TALLAHASSEE, Fla. -- Sure, they're polygamous, but male emus and several other ground-dwelling birds also are devoted dads, serving as the sole incubators and caregivers to oversized broods from multiple mothers. It is rare behavior, but research described in the Dec. 19 Science found that it runs in this avian family, all the way back to its dinosaur ancestors.
Scientists had long wondered about the origins of polygamy and paternal care patterns among modern-day Paleognathes -- an ancient avian lineage that branched off soon after birds evolved from dinosaurs and includes ostriches, emus and tinamous. No such reproductive behavior exists among the vast majority of other vertebrates. Males contribute to parental care in less than 5 percent of mammal and non-avian reptile species, and while more than 90 percent of bird species co-parent to some degree, it is only among the Paleognathes that both polygamy and paternal care rule.
Now, in a groundbreaking paper ("Avian Paternal Care Had Dinosaur Origin"), paleobiologist Gregory M. Erickson of The Florida State University and researchers from three other institutions connect the evolutionary dots linking the polygamous, paternal reproductive patterns of extant (living) birds to the behavior of their extinct dinosaur kin.
"In those cases where adult dinosaurs have been found on top of nests, we found that the volume or mass of the egg clutch (total number of eggs in the nest) is very large relative to the size of the nesting animals," Erickson said. "This suggests multiple females contributed the eggs and the male guarded them.

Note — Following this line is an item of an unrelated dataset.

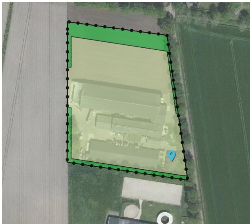
Figuur 3. Verbeelding wijzigingsplan Voskuilenweg 21.

Notably, the ratio of egg volumes to the nesting animal's size is consistent with those in living birds where the male is the sole or primary nest attendant."
The researchers now had their link from the theropod dinosaurs (omnivores and carnivores that walked on two hind legs with bird-like feet) to the polygamy and nesting scenarios exhibited by their avian descendants, according to David Varricchio of Montana State, the study's principal investigator.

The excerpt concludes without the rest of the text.